All too often, teams tasked with digital transformation fail. It can happen despite the best of intentions, promising beginnings, and whether the innovation team is composed of insiders, people outside the organization, or a blend of both.

Why? Well, digital transformation is complicated. The teams leading it need high performance, as all business leadership does. But they also operate under difficult conditions that high performers in more conventional businesses do not have to deal with.

As a recent Harvard Business Review article observes, most organizational environments focus on maximizing already defined chief products and services. Digital transformation teams need to focus on that, but also need an environment in some flux, so that it can accept the impress of new ideas, systems, and methods.

The HBR also points out that not all high-performing people have the qualities needed to helm innovation teams. The authors identify three qualities that indicate the capability for success in leading digital transformation.

Innovators need to be high performers, but also have unique qualities.

One: Negative Capability

You might remember the term “negative capability” from English class. It means being able to work in the face of uncertainty – the ability to accept a lack of answers and keep exploring. It means not freezing in the face of a lack of clarity. In a business setting, it can be understood as the ability to be comfortable with uncertainty without being stressed by its existence.

People who don’t have negative capability often reach conclusions too quickly, simply because they are uncomfortable with hanging in an uncertain zone.

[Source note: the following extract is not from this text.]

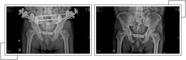 二周后,趙大叔病情穩(wěn)定,身體各方面條件符合手術指征后,骨科中心副主任羅軍帶領手術團隊為其進行了骨盆骨折、恥骨聯(lián)合分離、雙側(cè)髂骨骨折、右側(cè)恥骨上下支骨折切開復位內(nèi)外固定術,手術一個半小時順利完成。

Two: “Chaos Pilot” Ability

People who lead the innovation team need to be comfortable with uncertainty, but they also need to be “chaos pilots” within it. The term, which HBR attributes to a Danish business school of the 1990s, Kaospilot, means the ability to lead and execute goals in the middle of chaos. That means, in the middle of chaos, they can develop a viable structure and actionable steps within it.

A chaos pilot in business terms can be thought of as the person who can fly at night, in a storm, with limited navigation equipment, and successfully reach the landing pad without crashing.

Three: Crucial Neuropsychological Qualities

The authors also advise looking for three crucial qualities that are more about neuropsychology than about leadership per se. They are divergent thinking, convergent action, and communication.

Divergent thinking means that the person can put together information and concepts that are usually considered to be in different realms. This allows them to put together ideas and opportunities in unique ways – ways that competitors can overlook.

And convergent action? That means the person can not only put together dissimilar concepts but can also execute on the resulting new information. Convergent action is the linchpin between the concepts and a resultant product, and the steps to get to the product.

Finally, new ideas have to be communicated in a way that will influence business strategy and action. The three abilities together are rare, but necessary if transformation is to be a success.